4. All members of the academy is expected to maintain their Googlescholar profile by making sure that only the publications they authored included in their Googlescholar profile.
5. DUES: The amount of the annual members’ dues shall be approved by the Council and at its discretion may be modified from time to time, and shall be payable by the members within sixty days after commencement of the fiscal year for which they are assessed. Dues are considered to be in arrears if not remitted by the end of this sixty-day period. Similarly, dues of newly elected members shall be payable within sixty days after the beginning of the fiscal year following the date of election and acceptance.

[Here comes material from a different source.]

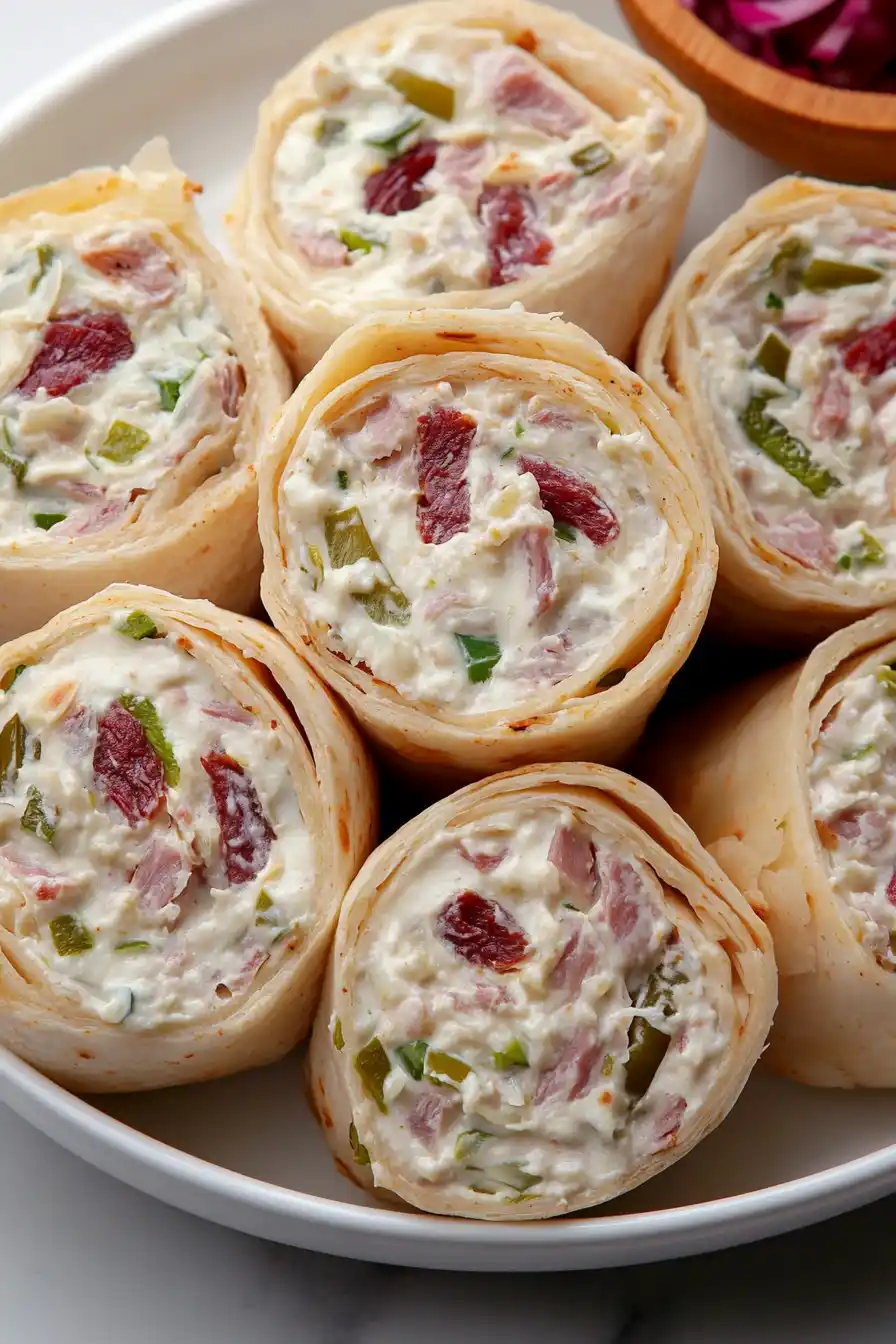 These creamy, savory tortilla roll ups are perfect for parties and potlucks, and they pair really well with a variety of simple sides. A fresh veggie platter with crisp carrots, celery, and bell peppers adds nice crunch and balances out the richness of the cream cheese filling. For a casual gathering, serve them alongside some potato chips or pretzels – the salty crunch is a great match for these creamy bites. If you’re hosting a bigger spread, these roll ups fit right in with other party favorites like deviled eggs, fresh fruit, or a simple green salad.
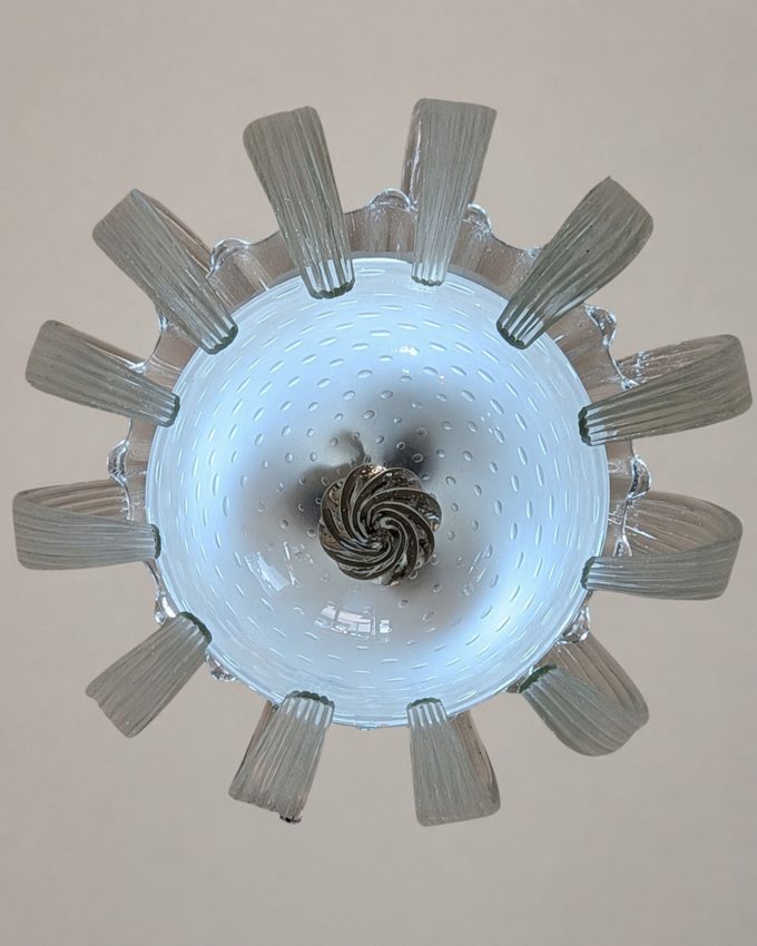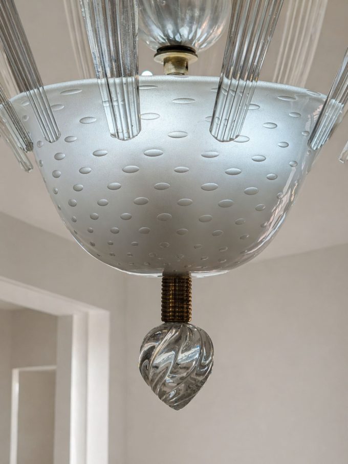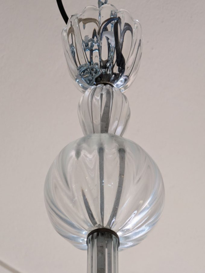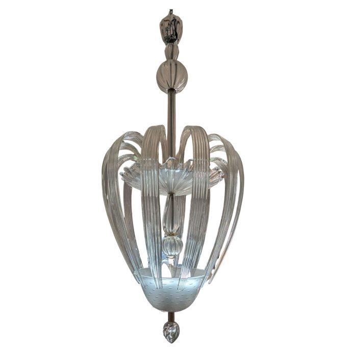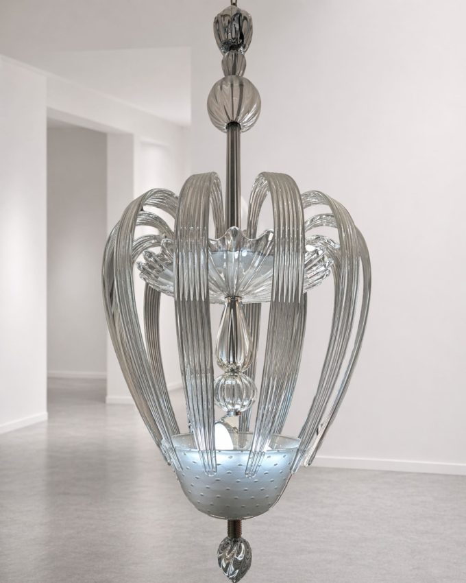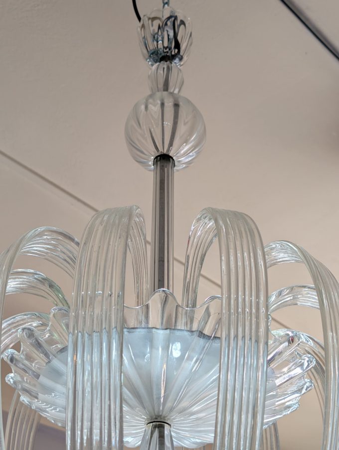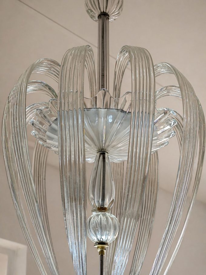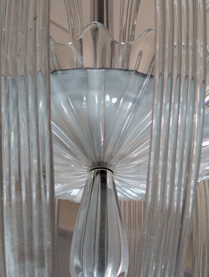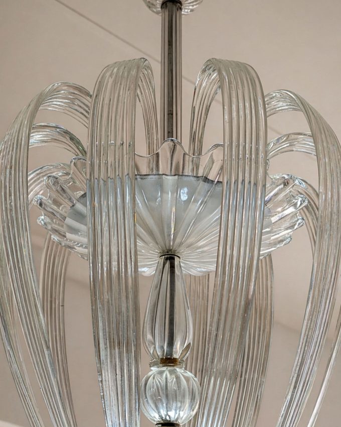 L’elemento più distintivo è la corona di lunghe foglie in vetro rigato, arcuate e disposte radialmente, che dona al pezzo una presenza leggera, scenografica e quasi floreale. Un lampadario di grande fascino, capace di unire eleganza veneziana, equilibrio decorativo e forte impatto visivo.

Failure to remit the dues payment within four months after it is in arrears may constitute due cause for the Council to place the member in the status of inactive member. Members placed in an inactive status may be returned to active status upon payment of all dues in arrears.
An amount of “lifetime dues” may be approved by the Council, and at its discretion may be modified from time to time. No change in the amount of lifetime dues shall have retroactive effect.

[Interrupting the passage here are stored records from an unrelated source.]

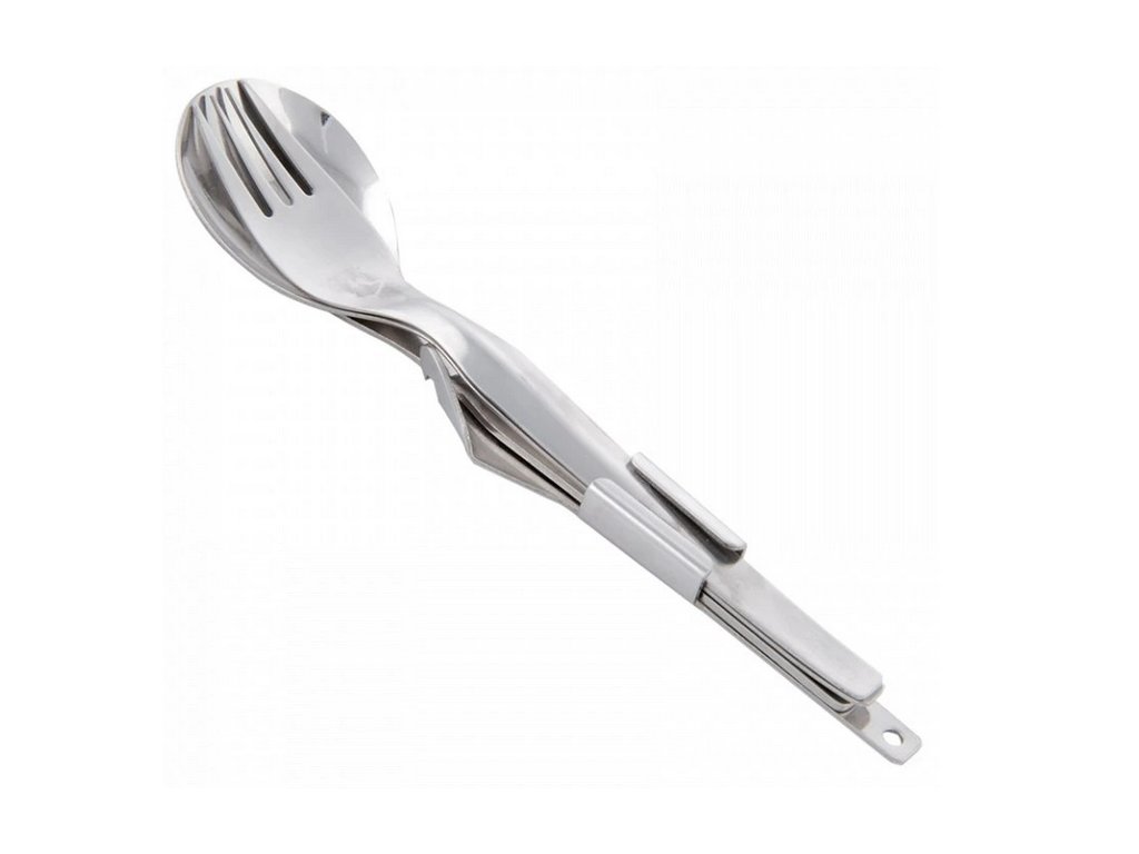 Turistický příbor. Lžíce, vidlička, nůž a otvírák na konzervy.
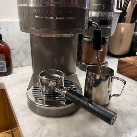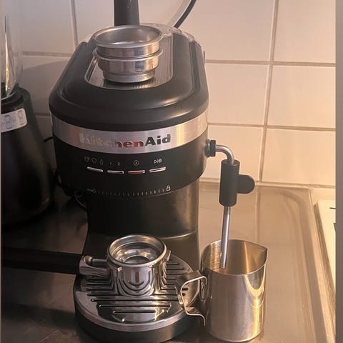 KitchenAid espressomaskin och kaffekvarn i svart utförande. Espressomaskinen har ångstav för mjölkskumning samt avtagbart droppgaller. Till maskinen följer flera filterkorgar, portafilter, tamper och mjölkkanna i metall. Kaffekvarnen är elektrisk med bönbehållare upptill och justerbar malningsgrad, anpassad för espresso och andra bryggmetoder.
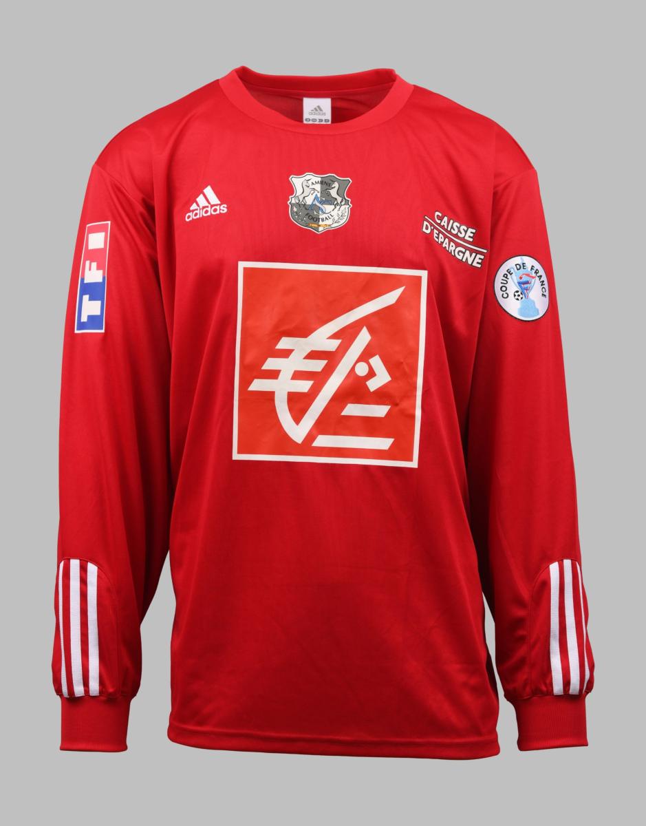 Maillot N°15 du Amiens SC préparé pour le 16ème de Finale de la Coupe de France contre le Stade Brestois le 27 janvier 2006. Victoire 2-0 des Brestois. Joueur à identifier. Marque Adidas. Modèle Climalite. Fabriqué en Thaïlande. Taille XL. Maillot préparé (match issued shirt).

All dues shall be payable to the Hospitality and Tourism Management Academy Fund (hereinafter called the “Fund”), an independent non-profit organization, restricted for use as determined by the Council.
6. An Academy Fellow who wishes to be relieved of the duties of active membership and requests emeritus status, or whose dues fall in arrears for three successive years, shall be transferred to the roll of emeritus members by the approval of the Council.
7. Emeritus members shall have the privilege of participating in the meetings of the Academy, and communicating papers, but shall not be subject to its assessments. They shall neither vote nor sign instruments of election of members or officers of the Academy by action of the home secretary.
8. Resignations from membership shall be addressed to the secretary, who will report them to the Council. Not earlier than four years after a member’s resignation the Council, by a two-thirds vote, may provide for reinstatement to membership.
ARTICLE III – Officers, Council, and Committees
1. OFFICERS: The officers shall be a President, Vice-President (who shall be President-Elect), Secretary, and Treasurer. President and Vice-President shall come from Academy Fellows. The Secretary and the Treasurer shall come from either Academy Fellows or Associate Academy Fellows.
2. COUNCIL: The Council shall be composed of the President, Vice-President, Secretary, and Treasurer, Immediate Past President, the Membership Chair, the Program Chairs, the Publications Committee Chair or Co-Chairs, and all Academy Fellows.
3. EXECUTIVE BOARD: The Council shall have an Executive Board consisting of the President, Vice President, Secretary, Treasurer, Immediate Past President, Founding Academy Fellows, and two other Council Member representing Committees. Founding Academy Follows are life-time members for the Executive Board.
a. Membership Committee: A chair is selected by the Council and appointed by the President. The chair does not have a voting right within the committee but has a right to appoint maximum five members from Academy and Associate Academy fellows.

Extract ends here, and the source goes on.